--- RECORDS FOR THE EXERCISE Enclosed Below ---

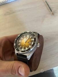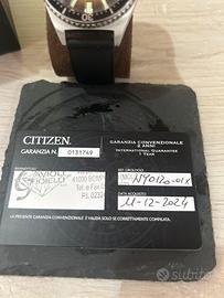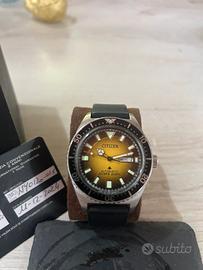 Citizen promaster marine Modello skindiver della casa nipponica diverso dal classico promaster. full set in ottime condizioni nessun segno sulla cassa e sulla ghiera lucida tranne uno molto piccolo vicino al dot a ore 12, l’ho acquistato con il suo cinurino ma per me un po’ scomodo l’ho sostituito con uno in gomma, quadrante bellissimo degradè, movimento della serie 8000 certificato ISO25,41mm di diametro 13,7 di spessore corona a vite 20atm di impermeabilità
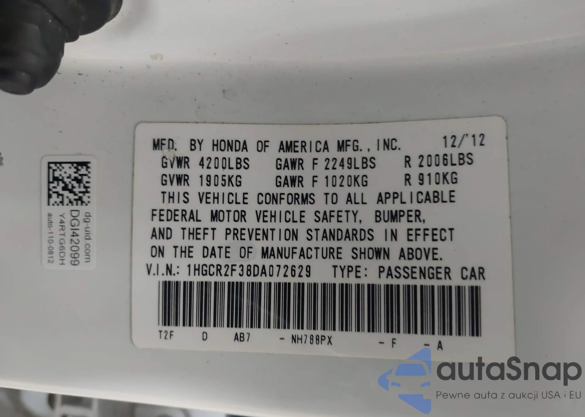 VIN: 1HGCR2F38DA072629
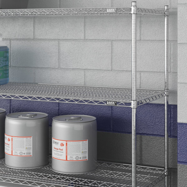 This shelf features a convenient design that maximizes airflow between and around products. Whether you need to store tools, equipment, or supplies, it's an ideal storage solution for warehouses and industrial settings. Together with Lavex Pro chrome heavy-duty posts, additional shelves, and accessories (all sold separately) of your choosing, you can use this shelf to create a customized storage solution to best meet your facility's needs and space.
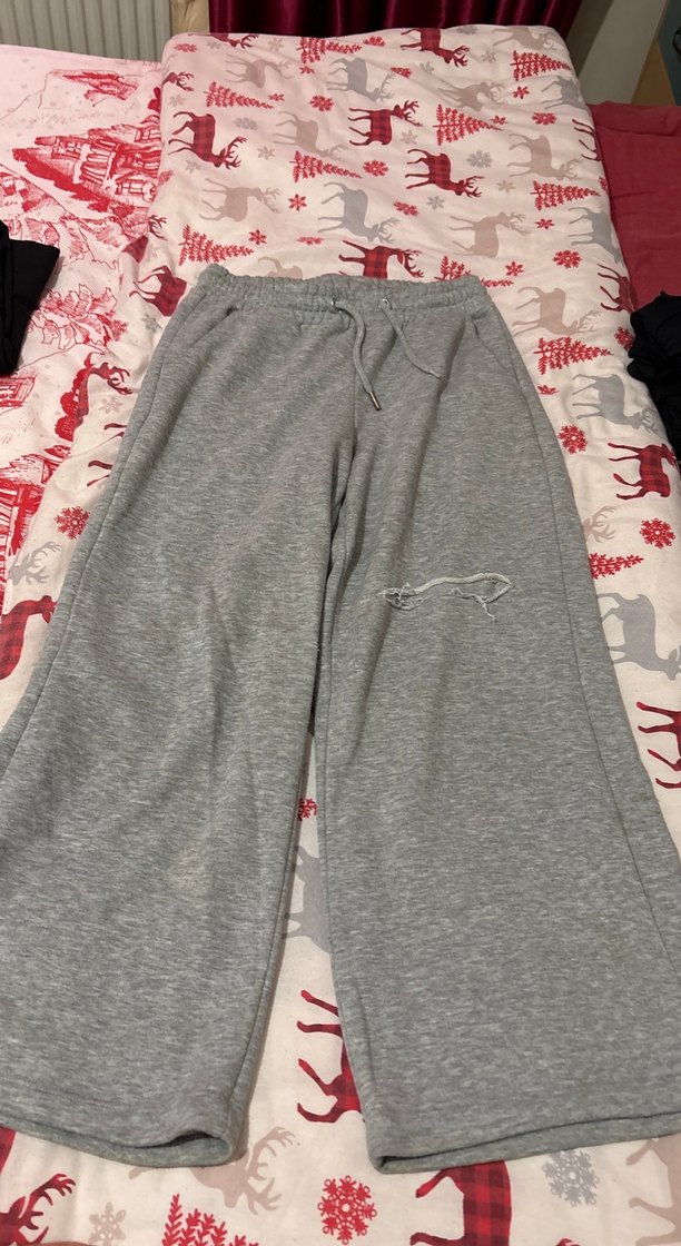 Yumuşak pamuklu kumaştan, salaş kesim gri eşofman. Belde bağcıklı ve yanlarda yırtmaç detaylı, günlük rahat kullanım için uygun.
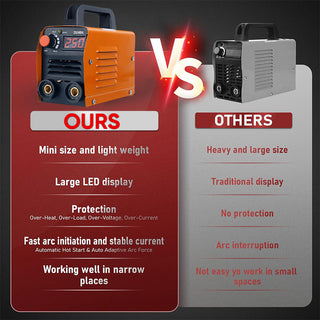 • LED display: Compared to other traditional displays, our intelligent LED display can help you see the data more clearly, such as the current, electrode dimension, function mode, and welding mode.
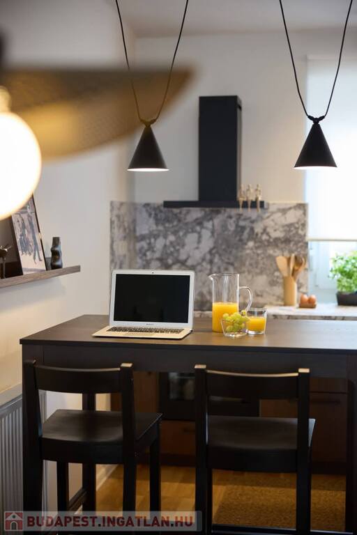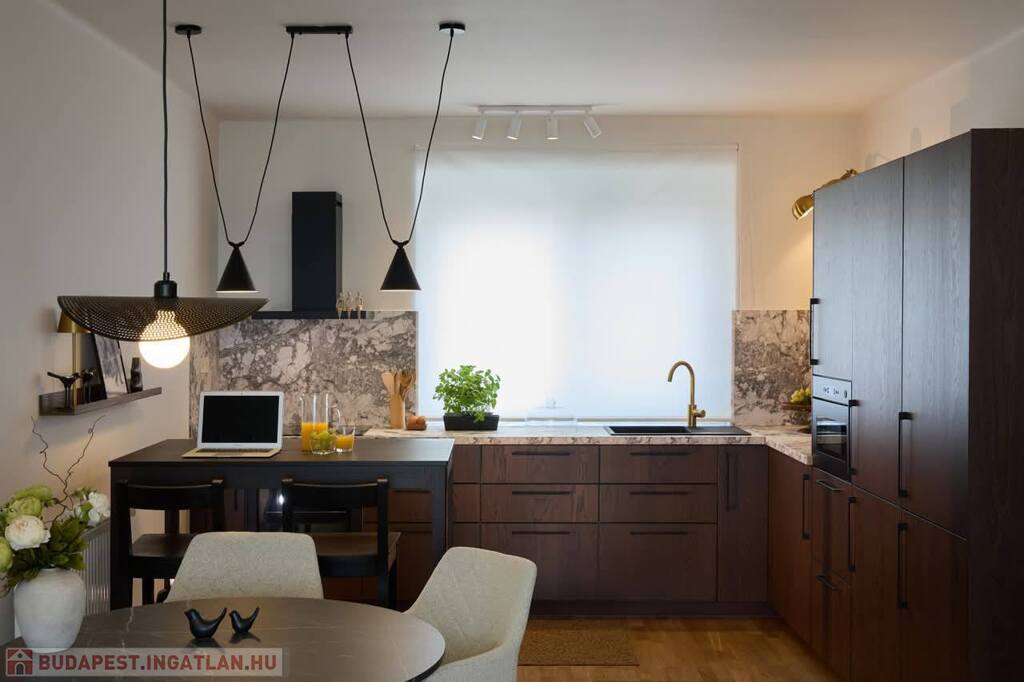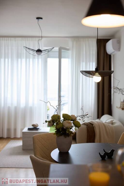 -amerikai konyhás tágas, napfényes nappali, konyhapult teljesen gépesített, indukciós főzőlappal, sütő, mikrohullámú sütő, páraelszívó, hűtő, mosogatógép, kombinált mosó-szárítógép
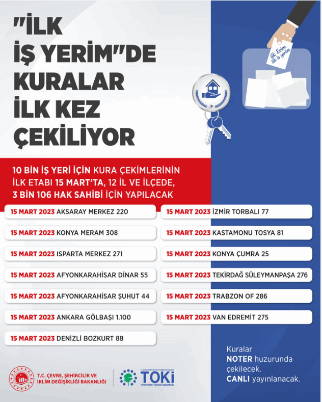 Sosyal medya hesabı üzerinden bir açıklama yapan Bakan Kurum, sosyal medya hesabı üzerinden yaptığı açıklamada ilk iş yerim projesi kapsamında 10 bin iş yeri için kura çekimlerinin başlandığını bildirdi. Bakan yaptığı açıklamada, "250 alt sektörü harekete geçiren 'İlk Evim, İlk İş Yerim' projemizle istihdamı destekliyor, vatandaşımızı iş sahibi de yapıyoruz. Konut ve arsa kuralarımız devam ederken sıra iş yerlerine geldi. 12 ilde, 3 bin 106 iş yeri için 15 Mart'ta kuraları çekmeye başlıyoruz" ifadelerini kullandı.
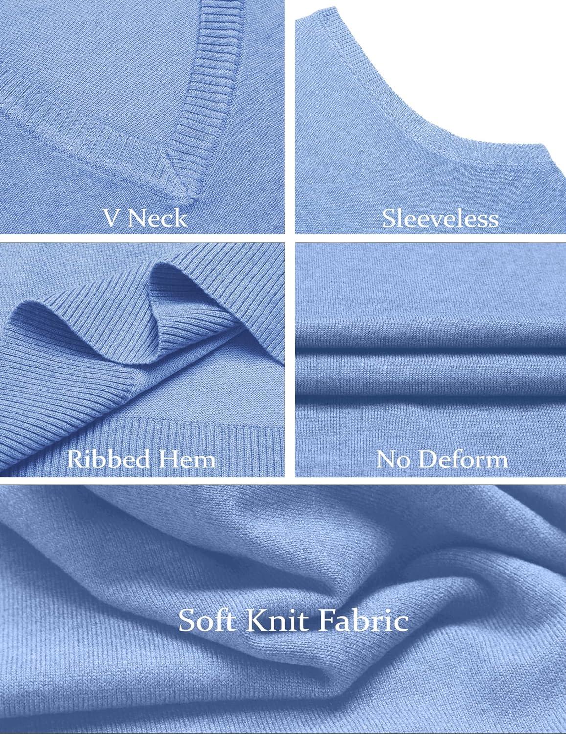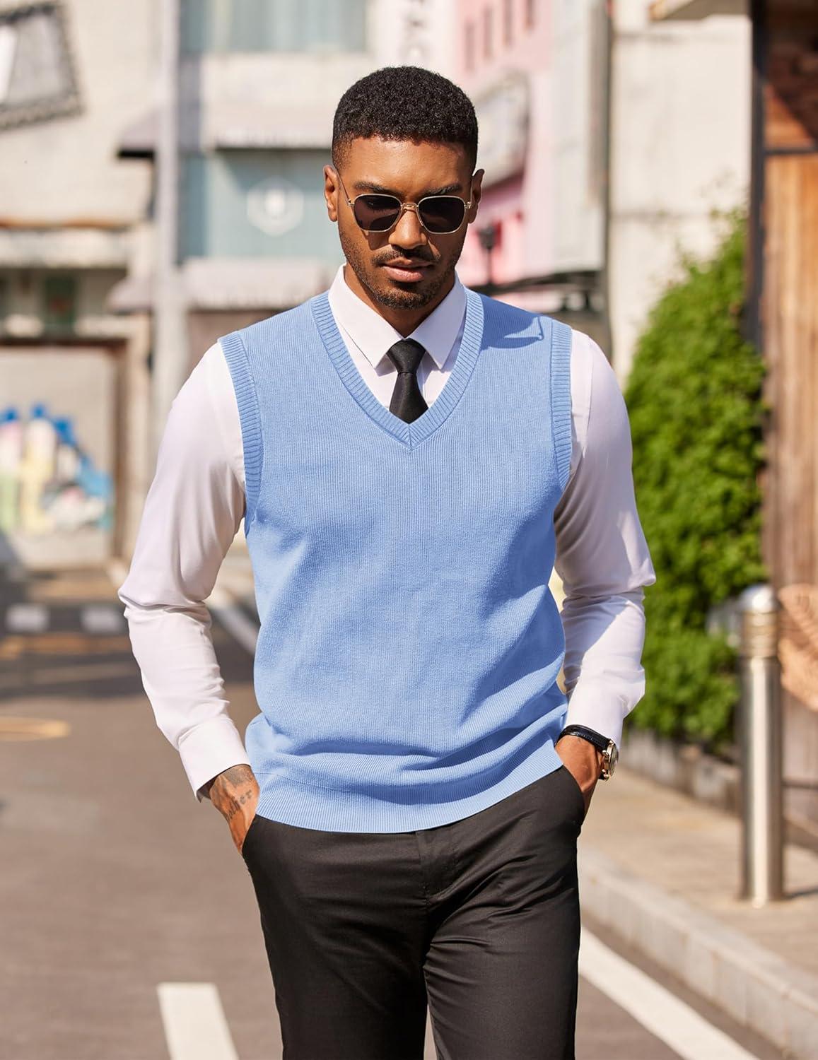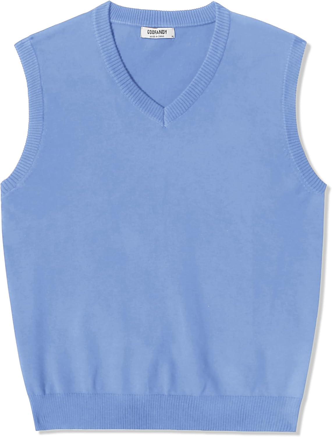 COOFANDY Men’s Sleeveless Sweater Vest Lightweight V-Neck Cotton Vest Pullover(Light Blue)
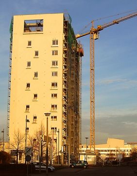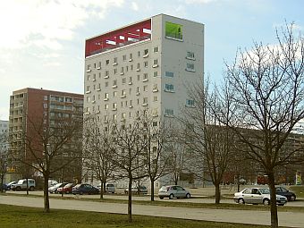 "Lausitz-Touver",ein altes Plattenhochhaus,welches zu einem modernen Wohn-und Geschäftshaus mit Aussichtplattform umgebaut wurde,zeugen vom raschen Wandel in der Neustadt.
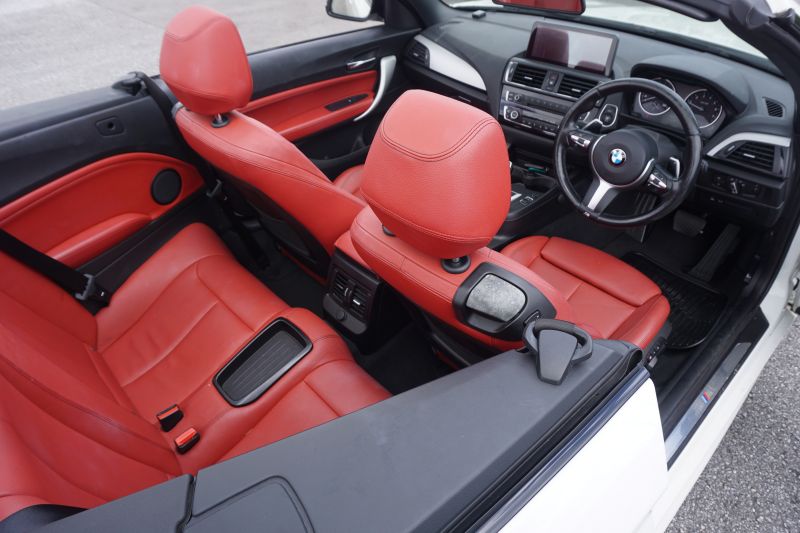特徴的な本革赤シートは、ボディーカラーであるアルピンホワイトⅢのクールな印象と対比をなし、強いインパクトを引き出します。
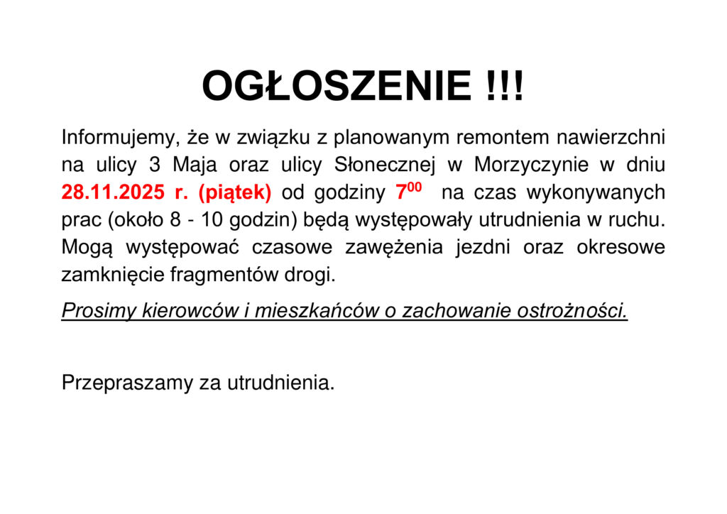 UTRUDNIENIA W RUCHU NA ULICY 3 MAJA I ULICY SŁONECZNEJ W MORZYCZYNIE
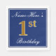 Este simples e elegante design de guardanapo de papel apresenta uma mensagem como "primeiro aniversario do nome-aqui" (com as "1ruas" com uma coloração falsa em ouro) dentro de uma área quadrada de cor azul com um contorno de fronteira simples. O nome está em texto semelhante a script de cor branca e pode ser personalizado. Napkins como estes poderia talvez ser usado numa festa de aniversário para alguém que comemora seu primeiro aniversário. [~Z0000141]

--- End of Enclosed RECORDS FOR THE EXERCISE ---

ASSIGNED TASK. For each entry, copy the text exactly and leave out any image it carries.

PROBLEM SOLUTION.
 Citizen promaster marine Modello skindiver della casa nipponica diverso dal classico promaster. full set in ottime condizioni nessun segno sulla cassa e sulla ghiera lucida tranne uno molto piccolo vicino al dot a ore 12, l’ho acquistato con il suo cinurino ma per me un po’ scomodo l’ho sostituito con uno in gomma, quadrante bellissimo degradè, movimento della serie 8000 certificato ISO25,41mm di diametro 13,7 di spessore corona a vite 20atm di impermeabilità
 VIN: 1HGCR2F38DA072629
 This shelf features a convenient design that maximizes airflow between and around products. Whether you need to store tools, equipment, or supplies, it's an ideal storage solution for warehouses and industrial settings. Together with Lavex Pro chrome heavy-duty posts, additional shelves, and accessories (all sold separately) of your choosing, you can use this shelf to create a customized storage solution to best meet your facility's needs and space.
 Yumuşak pamuklu kumaştan, salaş kesim gri eşofman. Belde bağcıklı ve yanlarda yırtmaç detaylı, günlük rahat kullanım için uygun.
 • LED display: Compared to other traditional displays, our intelligent LED display can help you see the data more clearly, such as the current, electrode dimension, function mode, and welding mode.
 -amerikai konyhás tágas, napfényes nappali, konyhapult teljesen gépesített, indukciós főzőlappal, sütő, mikrohullámú sütő, páraelszívó, hűtő, mosogatógép, kombinált mosó-szárítógép
 Sosyal medya hesabı üzerinden bir açıklama yapan Bakan Kurum, sosyal medya hesabı üzerinden yaptığı açıklamada ilk iş yerim projesi kapsamında 10 bin iş yeri için kura çekimlerinin başlandığını bildirdi. Bakan yaptığı açıklamada, "250 alt sektörü harekete geçiren 'İlk Evim, İlk İş Yerim' projemizle istihdamı destekliyor, vatandaşımızı iş sahibi de yapıyoruz. Konut ve arsa kuralarımız devam ederken sıra iş yerlerine geldi. 12 ilde, 3 bin 106 iş yeri için 15 Mart'ta kuraları çekmeye başlıyoruz" ifadelerini kullandı.
 COOFANDY Men’s Sleeveless Sweater Vest Lightweight V-Neck Cotton Vest Pullover(Light Blue)
 "Lausitz-Touver",ein altes Plattenhochhaus,welches zu einem modernen Wohn-und Geschäftshaus mit Aussichtplattform umgebaut wurde,zeugen vom raschen Wandel in der Neustadt.
特徴的な本革赤シートは、ボディーカラーであるアルピンホワイトⅢのクールな印象と対比をなし、強いインパクトを引き出します。
 UTRUDNIENIA W RUCHU NA ULICY 3 MAJA I ULICY SŁONECZNEJ W MORZYCZYNIE
 Este simples e elegante design de guardanapo de papel apresenta uma mensagem como "primeiro aniversario do nome-aqui" (com as "1ruas" com uma coloração falsa em ouro) dentro de uma área quadrada de cor azul com um contorno de fronteira simples. O nome está em texto semelhante a script de cor branca e pode ser personalizado. Napkins como estes poderia talvez ser usado numa festa de aniversário para alguém que comemora seu primeiro aniversário. [~Z0000141]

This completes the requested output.